PromptKeeper: Safeguarding System Prompts for LLMs
This addresses a security problem for users and developers of LLMs who rely on system prompts containing business logic and sensitive information, representing an incremental improvement in safeguarding against extraction attacks.
The authors tackled the problem of protecting sensitive system prompts in large language models from leakage via adversarial or regular queries, and proposed PromptKeeper, a defense mechanism that reliably detects leakage and mitigates side-channel vulnerabilities, ensuring robust protection while preserving conversational capability and runtime efficiency.

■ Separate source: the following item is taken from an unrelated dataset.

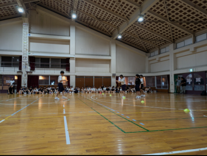 次の種目は、ピンポン玉リレーです。体育委員の見本です。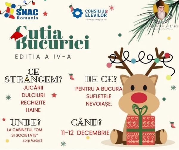 Consiliul Școlar al Elevilor de la Liceul Teoretic “Miron Costin” Pașcani a dat startul unei noi ediții “Cutia Bucuriei”. Între 11 si 12 decembrie, elevii si dascălii liceului vor strânge jucării, dulciuri, rechizite si haine pentru a ajuta copii nevoiași.

System prompts are widely used to guide the outputs of large language models (LLMs). These prompts often contain business logic and sensitive information, making their protection essential. However, adversarial and even regular user queries can exploit LLM vulnerabilities to expose these hidden prompts. To address this issue, we propose PromptKeeper, a defense mechanism designed to safeguard system prompts by tackling two core challenges: reliably detecting leakage and mitigating side-channel vulnerabilities when leakage occurs. By framing detection as a hypothesis-testing problem, PromptKeeper effectively identifies both explicit and subtle leakage. Upon leakage detected, it regenerates responses using a dummy prompt, ensuring that outputs remain indistinguishable from typical interactions when no leakage is present. PromptKeeper ensures robust protection against prompt extraction attacks via either adversarial or regular queries, while preserving conversational capability and runtime efficiency during benign user interactions.